Cache size is $32 \hspace{0.2cm} KB$ and cache block size is $32 \hspace{0.2cm} B$. So,
$\text{Number of sets} = \dfrac{\text{cache size}}{\text{no. of blocks in a set } \times \text{ block size}}$
$ = \dfrac{32 \hspace{0.2cm}KB}{2 \times 32 \hspace{0.2cm}B} = 512$
So, number of index bits needed $= 9$ ( since $2^9 = 512$). Number of offset bits $= 5$ (since $2^5 = 32 \hspace{0.2cm} B$ is the block size and assuming byte addressing). So, number of tag bits $= 32 - 9 - 5 = 18$ (as memory address is of $32 \hspace{0.2cm} bits$).

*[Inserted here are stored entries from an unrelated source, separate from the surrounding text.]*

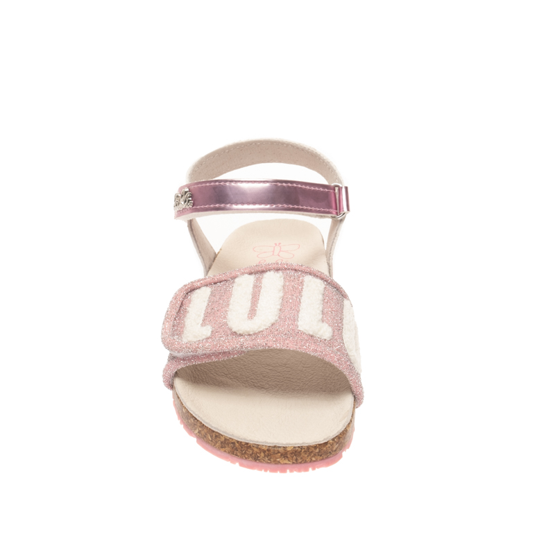 Παιδικό πέδιλο Lulu σε ροζ χρώμα με το λογότυπο της εταιρίας στο μπροστινό μέρος. Διαθέτει δύο velcro για εύκολη εφαρμογή.
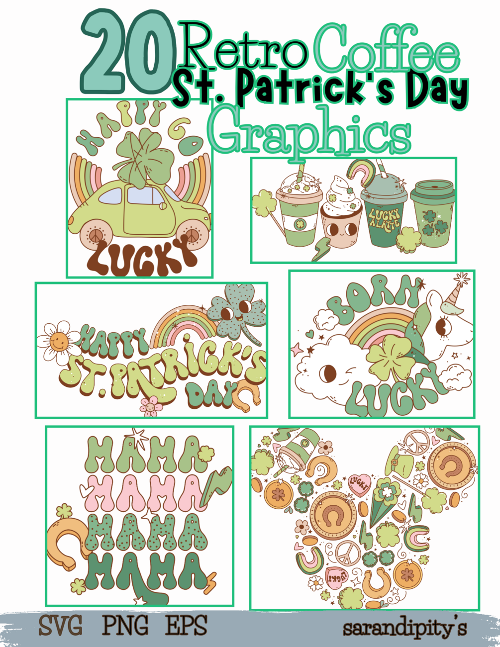 If you're a creative soul, you’ll love our 20-image Retro St. Patrick’s Day Coffee Graphics Pack! 🍀✨ Perfect for crafting, printing, and designing, this set includes SVG, PNG, and EPS formats – ready for all your DIY and business needs!
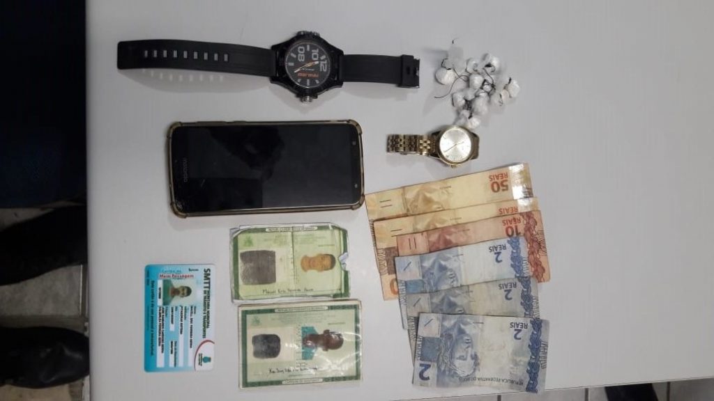 Segundo os militares, a guarnição avistou a dupla em atitude suspeita. Durante a revista pessoal, os policiais localizaram com eles dez invólucros de substâncias semelhante à cocaína, além de joias, um aparelho de celular e 116 reais em espécie.

So, $\text{ time for comparing the data}$ $ \text{= Time to compare the data + Time to select the block in set} \\= 0.6 + 18/10 \text{ ns} \\= 2.4 \text{ ns}.$
(Two comparisons of tag bits need to be done for each block in a set, but they can be carried out in parallel and the succeeding one multiplexed as the output).
Reference: https://courses.cs.washington.edu/courses/cse378/09au/lectures/cse378au09-19.pdf
Correct Answer: $A$